April 8, 2022
Contact: Brian McGrath or Andy VanSciver
Phone: (805) 389-9746
April 8, 2022

Dispatchers Put the First in First Responder
Fire Communications Center Answered 100,348 emergency Calls in 2021

CAMARILLO, Calif. – A 64-year-old man stops breathing while working out at the gym. A pregnant woman’s baby won’t wait for her to get to the hospital. A 50-year-old man collapses while hiking and his heart stops beating.

In each case, the “first first-responder” was a Ventura County Fire Department dispatcher who answered a phone call for help and guided the reporting person on what to do to save lives or deliver a new one into the world.

“Our dispatchers provide a vital link in countywide public safety services every day,” Ventura County Fire Chief Dustin Gardner said. “While few people who need our help know a dispatcher by more than a voice on the phone, their dedication and care for others sets an example we all should appreciate.”

April 10 through 16 is National Public Safety Telecommunicators Week, recognizing the important role dispatchers fill in responding to emergencies.

In Ventura County, emergency dispatch for all fire and medical calls is provided by the Ventura County Fire Department’s dispatchers, including the areas served by the City of Ventura, Oxnard and Fillmore fire departments.

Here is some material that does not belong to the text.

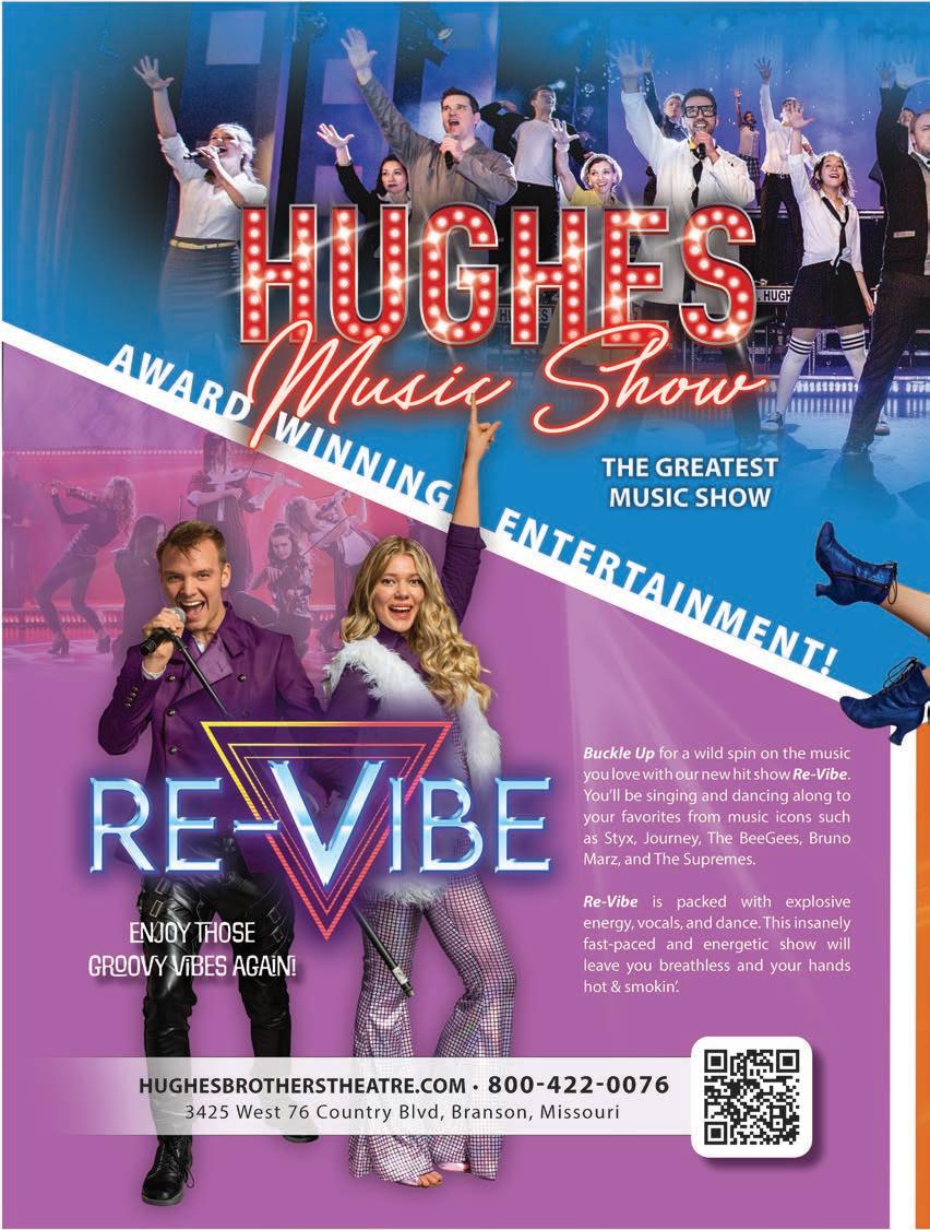 Other must see shows at the Hughes Brothers Theatre include the Hughes Music Show featuring the entire Hughes Family; the Hughes Brothers Country Dinner Show starring the Hughes Brothers; and the Re-Vibe Show produced, choreographed, and starring the 2nd Generation of Hughes.

This collaborative effort is designed so the closest resource responds to an emergency, regardless of where it happens.

In 2021, the county’s 32 dispatchers and supervisors received 100,348 emergency calls in 12 languages. This included eight CPR saves where dispatchers provided CPR instructions, seven baby deliveries where dispatchers provided birthing instructions and support, 67,159 other medical emergencies, 1,403 fires and 156 rescues.
Last June, early in the morning near the end of her 12 ½ -hour shift, Dispatcher Brianna Hyatt got a call from two very soon-to-be parents. They were driving to a midwife for delivery of their child but had to stop because the baby was ready and on his way.

“(The father) was extremely calm, and I would have never known that his wife was about to give birth in a middle school parking lot,” Hyatt said. “I think it helped my nerves because the father was so confident, and it was almost like he had prepared for this moment.”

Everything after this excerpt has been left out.